TASK: Everything from the line that has "然后访问我们payload,它会跳到入口" to the last line of the listing must be repeated exactly, and nothing more; omit the pictures.

DATA EXCERPT:
——————

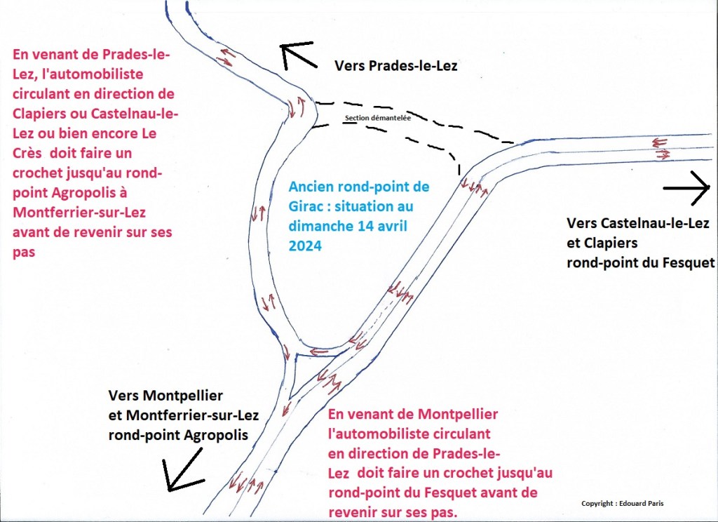 Les automobilistes ayant l’habitude de circuler entre Prades-le-Lez et Clapiers ou Castelnau-le-Lez ou bien encore Le Crès doivent faire un détour par le double giratoire Agropolis à Montferrier-sur-Lez avant de revenir sur leurs pas et les automobilistes ayant l’habitude de circuler entre Montpellier et Prades-le-Lez via le rond-point de Girac sont obligés de faire un détour par le rond-point du Fesquet à Clapiers avant de revenir là aussi sur leurs pas. Toutefois pour ces derniers, le crochet est bien plus long que prévu puisqu’ils doivent remonter jusqu’au niveau de la bifurcation sud de l’ancien rond-point avant de s’engager sur leur droite pour emprunter à contresens une des deux voies de la section ouest dudit ancien rond-point.
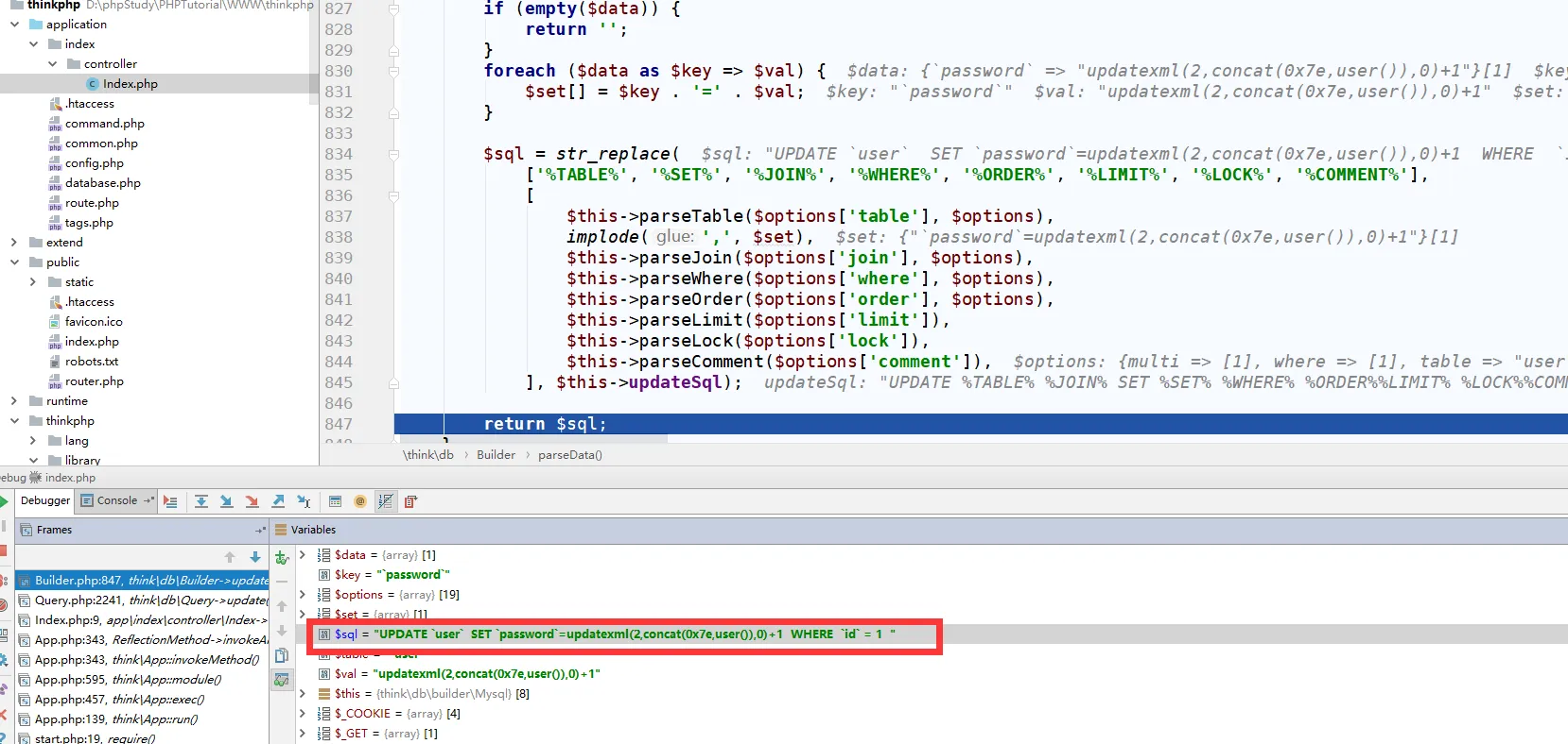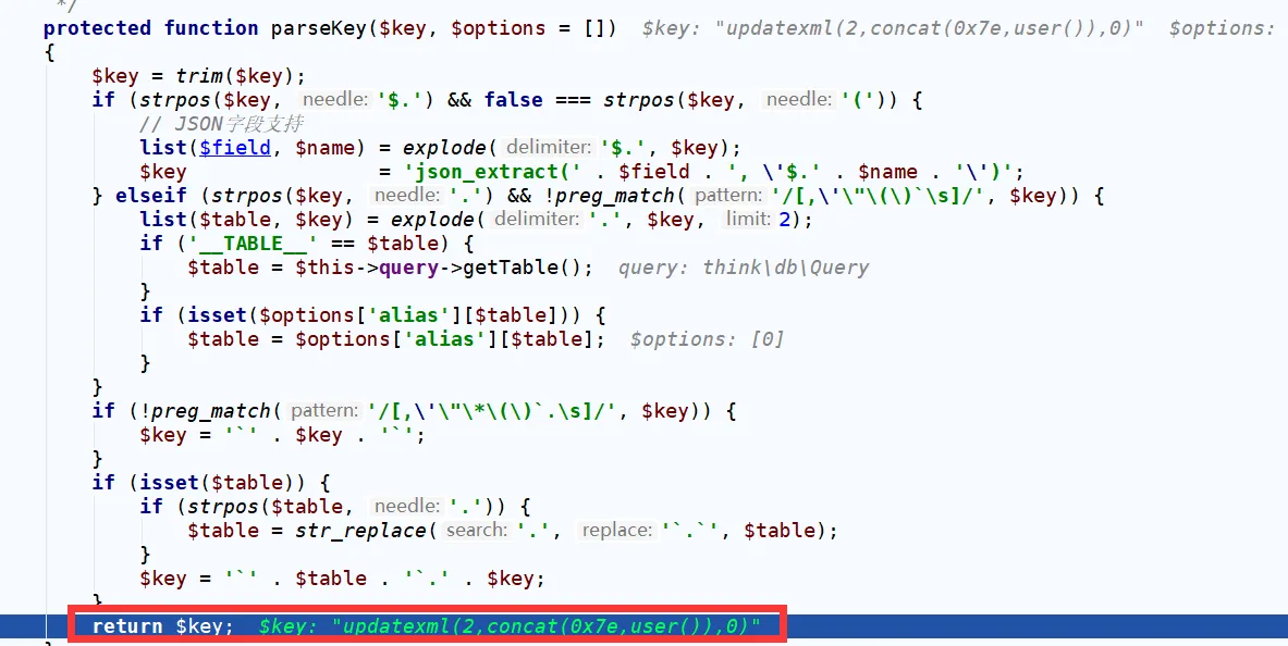 然后访问我们payload,它会跳到入口文件,我们只要分析的是sql执行的地方,所以我们直接F8跳到执行sql地方:
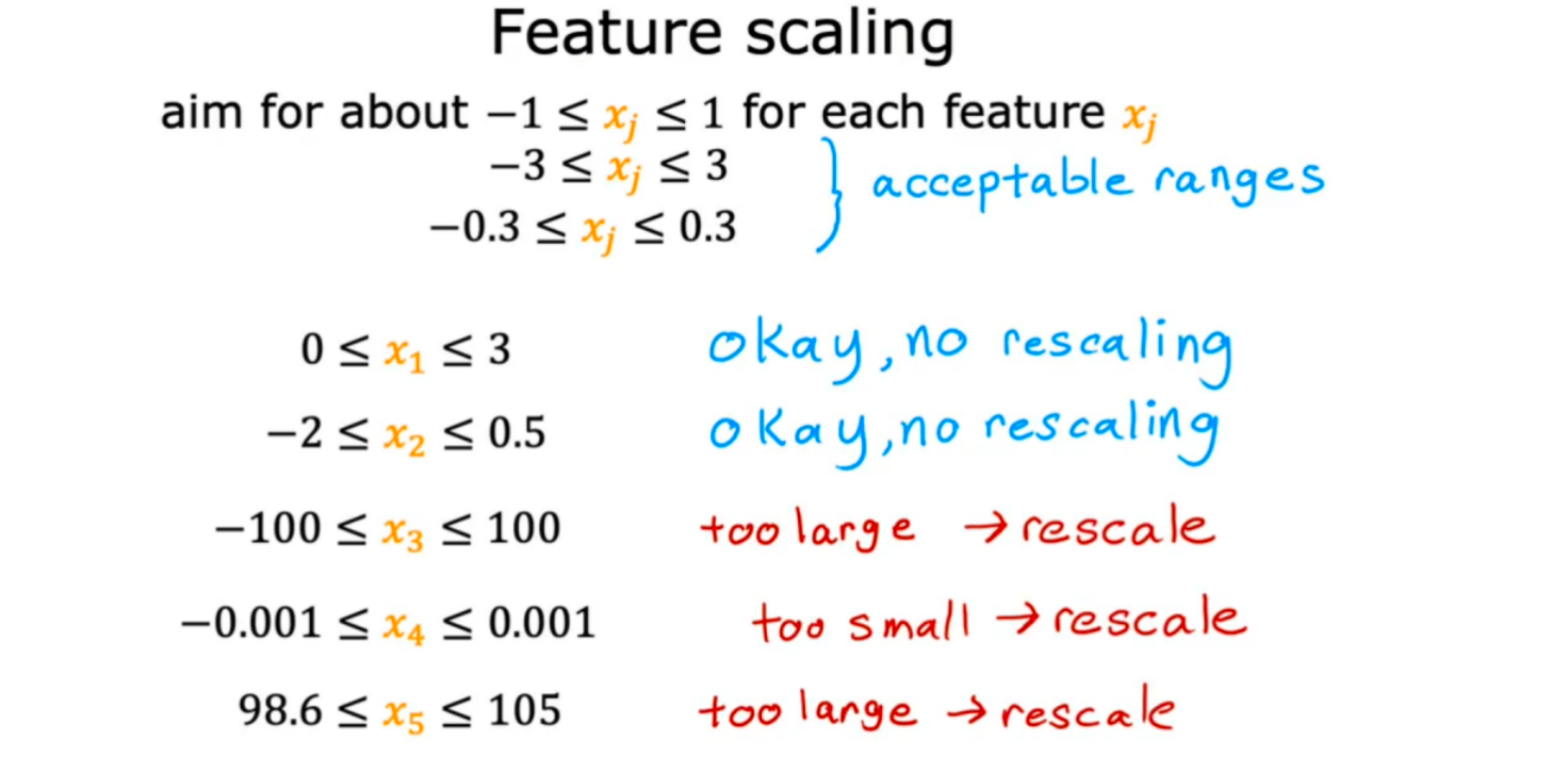 如果按原样训练数据。因为J(w,b)轮廓高而细,梯度下降可能会在结束前来回反弹了很长时间都没办法找到全局最小值的方法。在这种情况下,一个有用的要做的就是缩放特征。这意味着执行一些对训练数据进行变换,使x1的范围现在可以从0到1和x2的取值范围也可以是0到1。

——————

THE ANSWER:
 然后访问我们payload,它会跳到入口文件,我们只要分析的是sql执行的地方,所以我们直接F8跳到执行sql地方:
 如果按原样训练数据。因为J(w,b)轮廓高而细,梯度下降可能会在结束前来回反弹了很长时间都没办法找到全局最小值的方法。在这种情况下,一个有用的要做的就是缩放特征。这意味着执行一些对训练数据进行变换,使x1的范围现在可以从0到1和x2的取值范围也可以是0到1。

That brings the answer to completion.